How many lines in the data hold the string "perfect"? State the number alone.

### EXERCISE INPUTS
_ _ _
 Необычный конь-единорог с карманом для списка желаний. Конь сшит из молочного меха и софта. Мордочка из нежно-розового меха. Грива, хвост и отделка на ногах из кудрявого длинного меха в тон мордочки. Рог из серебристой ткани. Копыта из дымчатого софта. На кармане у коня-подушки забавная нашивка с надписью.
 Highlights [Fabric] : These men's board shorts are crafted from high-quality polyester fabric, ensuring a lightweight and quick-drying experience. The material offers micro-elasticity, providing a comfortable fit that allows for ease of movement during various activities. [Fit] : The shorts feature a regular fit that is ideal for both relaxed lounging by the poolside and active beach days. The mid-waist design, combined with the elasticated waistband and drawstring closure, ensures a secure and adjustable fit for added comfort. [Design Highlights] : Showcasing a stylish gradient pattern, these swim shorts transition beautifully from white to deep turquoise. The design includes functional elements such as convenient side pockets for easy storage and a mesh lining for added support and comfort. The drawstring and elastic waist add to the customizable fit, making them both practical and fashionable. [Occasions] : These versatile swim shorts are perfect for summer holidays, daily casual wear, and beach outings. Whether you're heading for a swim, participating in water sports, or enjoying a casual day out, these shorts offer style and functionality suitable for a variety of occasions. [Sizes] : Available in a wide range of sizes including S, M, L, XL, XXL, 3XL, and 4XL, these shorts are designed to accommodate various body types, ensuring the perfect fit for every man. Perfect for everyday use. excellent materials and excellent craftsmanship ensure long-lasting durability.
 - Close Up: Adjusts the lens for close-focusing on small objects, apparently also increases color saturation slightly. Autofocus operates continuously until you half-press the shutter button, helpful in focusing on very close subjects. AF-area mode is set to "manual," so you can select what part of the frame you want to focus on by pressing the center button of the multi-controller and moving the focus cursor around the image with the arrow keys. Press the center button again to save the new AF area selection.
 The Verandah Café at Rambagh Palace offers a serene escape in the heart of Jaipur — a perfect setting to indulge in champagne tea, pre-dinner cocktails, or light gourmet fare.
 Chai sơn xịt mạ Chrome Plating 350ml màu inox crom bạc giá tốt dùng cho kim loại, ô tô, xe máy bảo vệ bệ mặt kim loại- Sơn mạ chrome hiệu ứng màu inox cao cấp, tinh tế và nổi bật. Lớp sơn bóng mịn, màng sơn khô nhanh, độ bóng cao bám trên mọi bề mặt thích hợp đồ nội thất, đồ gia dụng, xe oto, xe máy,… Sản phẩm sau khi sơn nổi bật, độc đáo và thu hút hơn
_ _ _
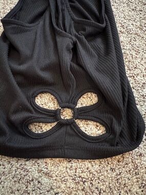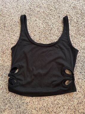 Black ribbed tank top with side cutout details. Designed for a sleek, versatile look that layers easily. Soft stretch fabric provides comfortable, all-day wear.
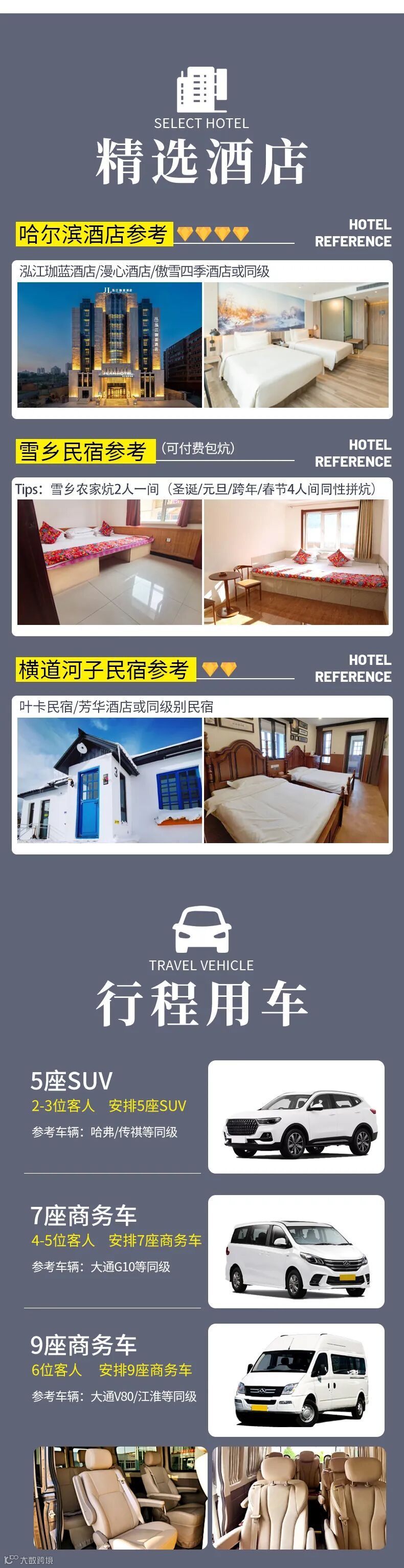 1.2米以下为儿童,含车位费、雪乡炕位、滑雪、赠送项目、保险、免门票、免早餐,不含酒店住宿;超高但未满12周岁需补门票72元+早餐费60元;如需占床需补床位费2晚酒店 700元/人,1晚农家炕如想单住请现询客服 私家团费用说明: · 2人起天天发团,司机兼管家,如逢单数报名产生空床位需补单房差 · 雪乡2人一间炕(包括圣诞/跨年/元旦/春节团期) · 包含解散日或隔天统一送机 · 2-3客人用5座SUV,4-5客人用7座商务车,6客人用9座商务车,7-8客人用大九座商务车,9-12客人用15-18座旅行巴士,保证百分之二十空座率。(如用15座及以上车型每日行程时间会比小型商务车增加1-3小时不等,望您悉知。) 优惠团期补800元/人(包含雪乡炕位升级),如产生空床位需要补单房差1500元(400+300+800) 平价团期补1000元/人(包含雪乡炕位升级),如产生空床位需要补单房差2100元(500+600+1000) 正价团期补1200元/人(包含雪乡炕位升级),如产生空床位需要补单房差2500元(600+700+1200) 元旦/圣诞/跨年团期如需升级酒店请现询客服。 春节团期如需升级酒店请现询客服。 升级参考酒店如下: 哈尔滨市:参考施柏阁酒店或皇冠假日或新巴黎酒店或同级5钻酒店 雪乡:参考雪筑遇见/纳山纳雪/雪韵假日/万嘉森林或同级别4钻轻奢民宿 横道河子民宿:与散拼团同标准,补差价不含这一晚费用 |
_ _ _
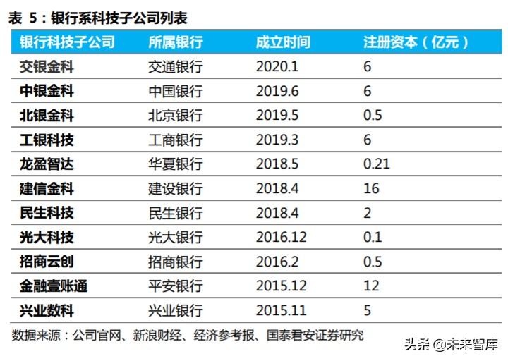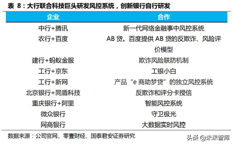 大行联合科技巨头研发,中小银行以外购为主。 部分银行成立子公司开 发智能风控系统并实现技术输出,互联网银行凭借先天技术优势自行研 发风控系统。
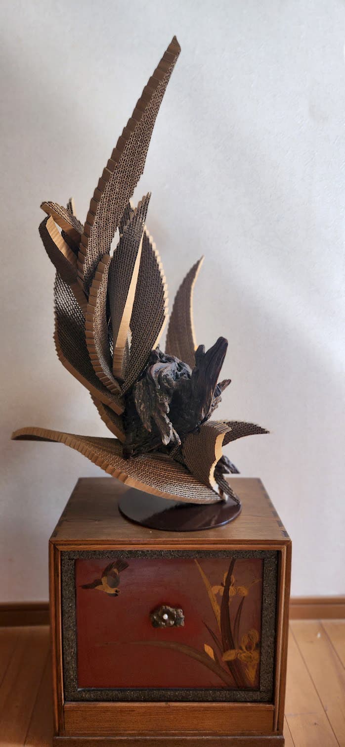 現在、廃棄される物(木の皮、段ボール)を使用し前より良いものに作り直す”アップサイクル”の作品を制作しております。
_ _ _
### ANSWER BOX
2